The Picayune Rancheria of Chukchansi Indians of California is a federally recognized tribe of indigenous people of California. They are Chukchansi or Foothills Yokuts. Picayune Rancheria is the tribe's ranchería, located in Madera County in central California.

History

The Picayune Rancheria of the Chukchansi Indians is affiliated to Chukchansi Yokuts culture.  Chukchansi Yokuts are indigenous to Central California where they have inhabited areas of the San Joaquin Valley and Sierra Nevada foothills for more than 12,000 years. In recent times, the territory of the Chukchansi population has ranged from the Sierra Nevada foothills in the East, to the Fresno and Chowchilla river valleys in Central California, down to the Tehachapi mountains in the South. Many Chukchansi still live in these foothills about 30 miles north of Fresno; the headquarters of the tribe, Picayune Rancheria, is located there today. Chukchansi is the language spoken regionally, in which anthropologists have classified an estimated 60 tribes together as Yokuts—meaning people. Hence, Chukchansi Yokuts. However, according to the official website of the Picayune Rancheria of the Chukchansi Indians, these tribes all have similar culture and customs but have had different dialects throughout history.

The first Picayunes were agents of their environment. They adapted themselves to a natural world that produced consistent harvests through the manipulation of sophisticated techniques such as farming, hunting, fishing, and gathering. Although deer and antelope were their primary source of protein, they also hunted for squirrel, rabbit, raccoons, and anything within the marshes and grasslands of their home. They would use decoys to capture or kill animals. According to Joana Blume, such decoys included the use of antlers and skin from previous kills to attract antelope. Other decoys helped catch pigeons. Blume also states that they would participate in communal drives; several members of the tribes would drive rabbits into nets. Sources of nutrition were also derived from plants that peaked in the summer: acorns, nuts, seeds, roots, and berries; these sources were gathered and reaped by certain members of the tribal communities.

Fire was more than just used for cooking. It had a multiplicative purpose to the Picayune Rancheria. Fire was used to cut hair, drive rabbits and squirrels out of their holes when hunting, and reduce grassland and vegetation that may otherwise cause greater fires.
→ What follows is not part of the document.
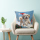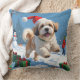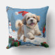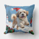 Almofada Lhasa Apso Correndo em Neve com Chapéu de Natal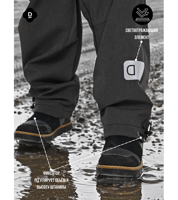 Брюки, Весна-Осень, SoftShell, ГРАФИТ МЕЛАНЖ арт. 801С

Because the brush from the grassland would be cleared by the fire, hunting and gathering were made easier as it attracted more wildlife and produced the ability to sow crops. Fire also increased the number of livable conditions within their environment. According to Blume, fires "usually occurred after harvesting seeds in the fall as well as in the spring" (15).  From such an  understanding of the environment and its resources, the Chukchansi have created an epistemology that remains important for Picayunes today.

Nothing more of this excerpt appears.